Statins inhibit 3-hydroxy-3-methylglutaryl-coenzyme A (HMGCoA) reductase, a key enzyme in the mevalonate pathway. This inhibition lowers levels of cholesterol and may also affect other non-sterol side-products involved in cell growth, repair and survival [1]. In vitro studies suggest elevated HMG-CoA reductase gene expression allows more rapid growth of tumour cells and prolongs their survival compared to normal cells [2], and that statin-induced reduction in mevalonate side-products could induce apoptosis thereby restricting tumour growth [3], with greater effects seen for lipophilic statins, which may penetrate solid tumours more easily, than for hydrophilic statins [4]. In vitro and animal studies also suggest that concurrent use of statins may improve the effectiveness of chemotherapy [5].

In a meta-analysis of 95 studies and more than one million cancer patients with a variety of cancers, statin use was associated with a 30% reduction in all-cause mortality and a 40% reduction in cancer-specific mortality [6]. There is also evidence that the use of statins (3-hydroxy-3-methylglutaryl coenzyme A [HMG-CoA] reductase inhibitors) might improve ovarian cancer survival. In a recent meta-analysis, we observed a consistent reduction in ovarian cancer mortality associated with the use of statins with similar associations seen for use of statins before, around the time of, or after diagnosis [7]. One small study has also reported an association between higher pre-diagnosis low-density lipoprotein (LDL) levels and shorter survival after a diagnosis of advanced ovarian cancer [8]. Previous studies have, however, had limited power to compare lipophilic and hydrophilic statins and to assess whether the association differs for the different histotypes of ovarian cancer although these differ in both aetiology [9] and prognosis [10].

We have used a national linked dataset to further evaluate the potential effects of statin use after a diagnosis of ovarian cancer.

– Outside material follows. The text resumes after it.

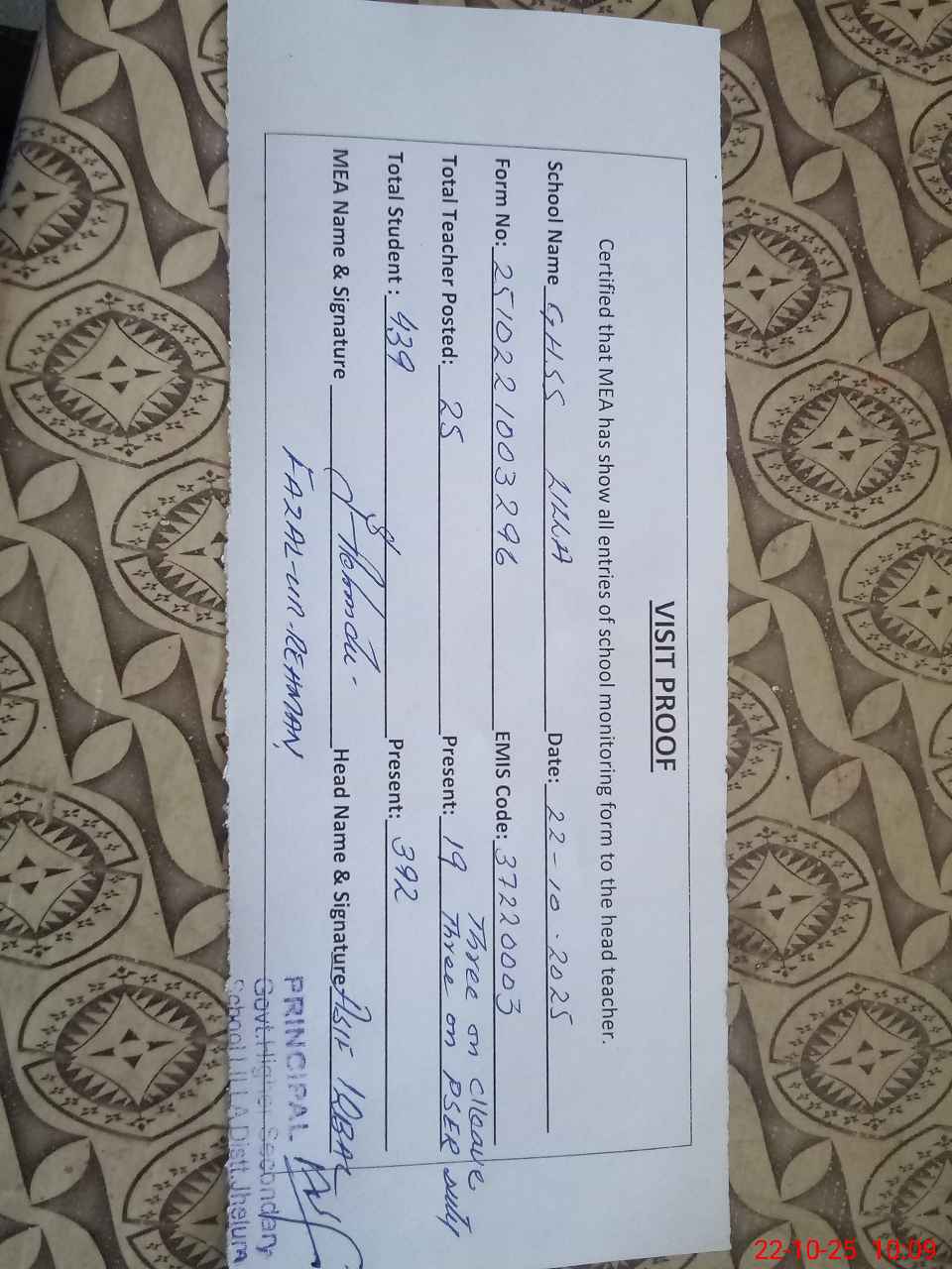 | Certified that this School was Inspected by the Undersigned MEA/DMO Today and the Information Stated Above is as Per Record. | |||||

Data from the Australian Medicare Enrolments database, which includes all women eligible to receive reimbursement for health care in Australia (citizens and permanent residents), were linked to the Australian Cancer Database (ACD), the Pharmaceutical Benefits Scheme database (PBS) and the Australian National Death Index (NDI). The ACD provided information on all cancers diagnosed in Australia from 1982 to 2013 (2012 in New South Wales, NSW), including the date and site of primary cancer diagnosis and date and cause of death (to 2013); information about the stage and grade of cancer at diagnosis and debulking status was not available. The NDI provided date of death, age at death, and cause(s) of death with complete information from 1996 to 2015. The PBS provided information about prescriptions for cholesterol-lowering and diabetes medications and chemotherapy, filled between 2002 and 2017. Linkage was performed by the Data Linkage Unit at the Australian Institute of Health and Welfare (AIHW) and the resulting de-identified dataset was made available to the authors for analysis via the Secure Unified Research Environment (SURE) at the Sax Institute, Sydney, Australia. The study was approved by the Human Research Ethics Committees at QIMR Berghofer Medical Research Institute, the AIHW and all relevant data custodians.

Before mid-2002, prescriptions could not reliably be linked to individual family members so for this analysis we included women newly diagnosed with ovarian, fallopian tube or primary peritoneal cancer (ICD-10 codes C56, C57.0 or C48.2), henceforth referred to as ovarian cancer, between 1/7/2003 and 31/12/2013 (31/12/2012 in NSW) (Fig. 1, N = 14,545). This date range ensured we had prescription data for at least one year prior to cancer diagnosis. Women with a previous or concurrent invasive cancer (N = 2062, 14%) or aged less than 18 or more than 89 years at diagnosis (N = 453, 3%) were excluded. We also excluded women diagnosed less than one year after they enrolled for Medicare (N = 92, 0.6%) as they did not have a full year of prescription information prior to their diagnosis. Consistent with previous reports [11], we excluded women who died in the first year after diagnosis (N = 2796, 19%) as we considered it unlikely that statin use would have affected their outcome. We excluded a further 7 women missing the information needed to derive an area-level measure of socioeconomic status. We further excluded 506 women with non-epithelial or borderline cancers, leaving a final cohort of 8629 women including 5136 with serous cancer, 602 mucinous, 777 endometrioid, 514 clear cell, 244 carcinosarcomas, 1047 with ‘carcinoma not-otherwise specified’ (likely to be serous cancer) and 309 with other epithelial or unknown cancer types (see Supplementary Table S1 for histotype classification). Survival was measured from one year after diagnosis to the earliest of death, or the end of follow-up at 31/12/2015. The outcomes of interest were ovarian cancer-specific and all-cause mortality.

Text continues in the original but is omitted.